My dear friend Martha, who is gorgeous, funny, and sweet as can be, tagged me to do a list of seven facts. I am a boring person, so these lists are always hard for me, but since Martha is also growing a baby in her adorable little belly, I will attempt the list, just for her. Who can say no to a cute pregnant girl???
1. I have stuck with the photo-of-my-funny-looking-face-every-day-goal so far. Is it cheating if I let Micah take the photo sometimes? Last night Alden and I fell asleep together and before he woke up, I whispered fiercely for Micah to come snap a photo.
2. I have not had any salt and vinegar chips since New Year's Eve. I am an addict, and quitting cold turkey was the only way to go. Can you go through salt n'vinney withdrawal? Cause I am.
3. I finally found a place here that makes fish fry to rival Buffalo's. I have always missed that, especially during Lent. And yes, leave it to Buffalo to take a healthy food like fish and make it yummy and bad for you!

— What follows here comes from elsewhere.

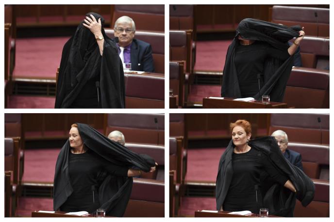 Hansonova je sedela na svom mestu u parlamentu u crnoj burki dvadesetak minuta a zatim je skinula kako bi pozvala na zabranu njenog nošenja u javnosti zbog nacionalne bezbednosti.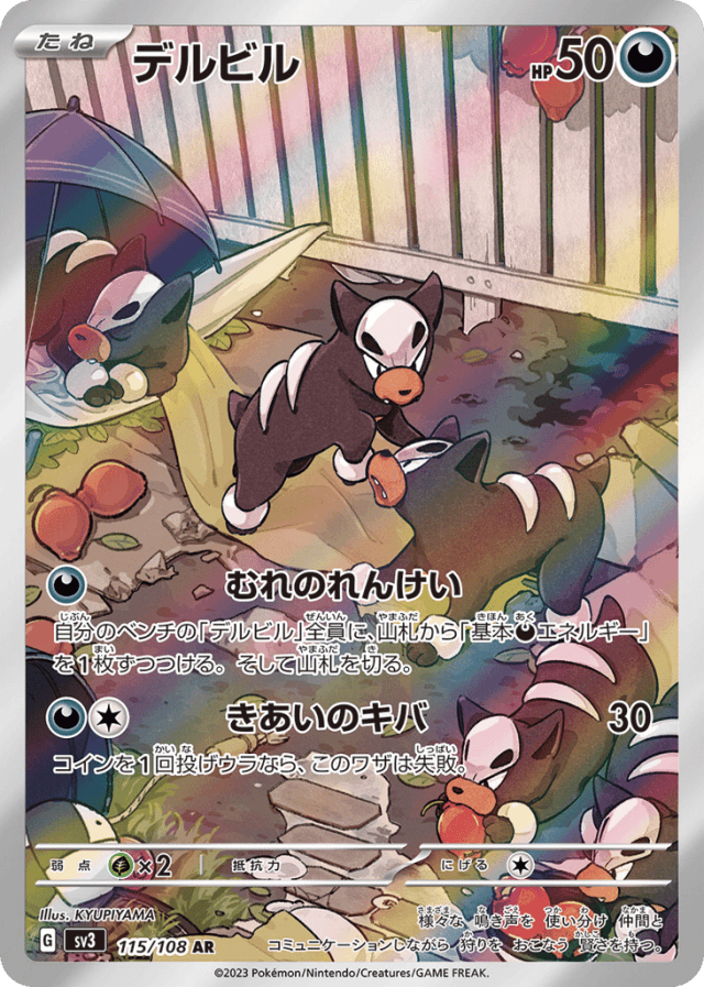 Coordinated PackCost: 1自分のベンチの「デルビル」全員に、山札から「基本Darknessエネルギー」を1枚ずつつける。そして山札を切る。

Woot woot!
4. Micah threatened to take away my txting plan. Apparently, he is not a fan of my inability to pick up a phone anymore. I am a fan of a "conversation" via txt that can occur whilst kids are crying or bums are being wiped. (theirs, not mine.) I think that is a whole blog post in and of itself. Coming soon...
5. I finally bought a used copy of and started reading, "A Tree Grows in Brooklyn." Oh.My.Word. I love it. I am about halfway though it, and am already sad that it will be ending soon. That my friends is how you know a good book.

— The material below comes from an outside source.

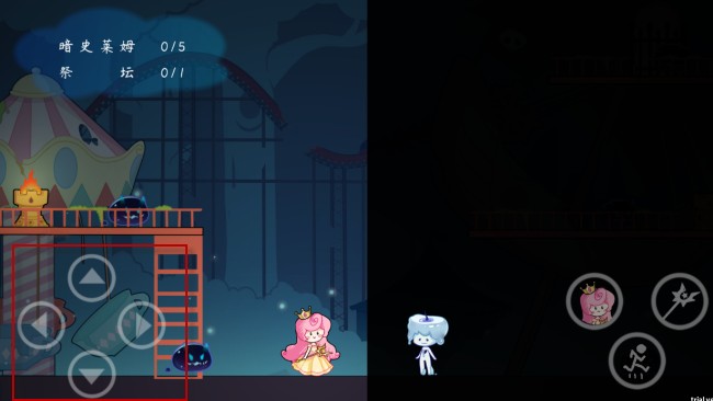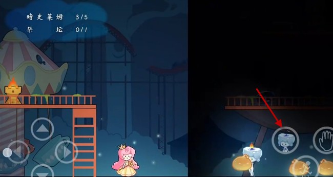 4、点击角色按键,即可切换角色,操控角色拾取被点亮的史莱姆。

6. I tried to stretch the taco meat this week by adding black beans. I was very quiet and just made up everyone's tacos in the kitchen. I thought I was in the clear, when at the almost last bite Hadji picks a bean up and says, with great disdain, "What is this? A bug?"
7. Things I never thought I would say, but have... "Please, please do not come ask me any more questions while I am using the bathroom. Unless you, your brother, or the house is on fire, do not come near this door. " I also may have said that the house fire should be out of control before I am interrupted. Shameless, poor, mothering, tis true...
See, I am not good at these lists. Maybe you can get a refund on the 4 minutes you have invested here?